— ABOUT THIS TASK —
Print every line below exactly. Skip the pictures.

— DATASET EXCERPT —
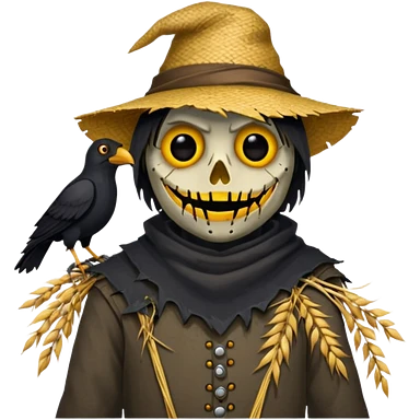 Scarecrow, Torn clothes, stitched mouth, glowing eyes, crow perched on shoulder. emoji
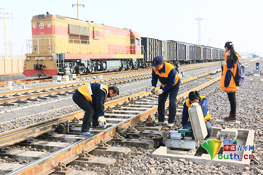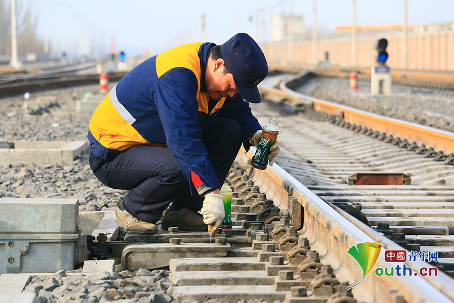 農(nóng)歷正月初八這天,邰芳鵬和工區(qū)3名年輕職工一同到現(xiàn)場(chǎng),對(duì)阿克蘇站信號(hào)機(jī)和道岔進(jìn)行巡視檢查。中國青年網(wǎng)通訊員 姚旭東 攝
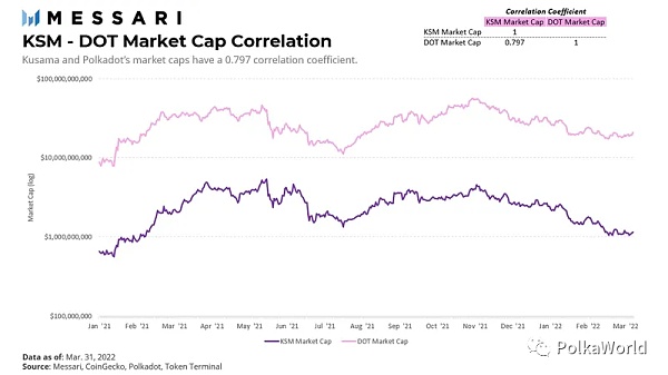 Polkadot 生態系統的另一個獨特組成部分是金絲雀網絡 Kusama。Kusama 是一個主權區塊鏈,其代碼庫和架構與 Polkadot 幾乎相同;但是,與 Polkadot 的 28 天投票相比,Kusama 具有更快的治理機制,投票只需要 7 天。在遷移到 Polkadot 之前,所有新的代碼發布都在 Kusama 上提出、批準、測試和實施。因此,Polkadot 和 Kusama 密切相關。在過去五個季度中,兩個網絡的市值以 0.797 的相關系數密切跟蹤對方。

— RESPONSE AREA —
 Scarecrow, Torn clothes, stitched mouth, glowing eyes, crow perched on shoulder. emoji
 農(nóng)歷正月初八這天,邰芳鵬和工區(qū)3名年輕職工一同到現(xiàn)場(chǎng),對(duì)阿克蘇站信號(hào)機(jī)和道岔進(jìn)行巡視檢查。中國青年網(wǎng)通訊員 姚旭東 攝
 Polkadot 生態系統的另一個獨特組成部分是金絲雀網絡 Kusama。Kusama 是一個主權區塊鏈,其代碼庫和架構與 Polkadot 幾乎相同;但是,與 Polkadot 的 28 天投票相比,Kusama 具有更快的治理機制,投票只需要 7 天。在遷移到 Polkadot 之前,所有新的代碼發布都在 Kusama 上提出、批準、測試和實施。因此,Polkadot 和 Kusama 密切相關。在過去五個季度中,兩個網絡的市值以 0.797 的相關系數密切跟蹤對方。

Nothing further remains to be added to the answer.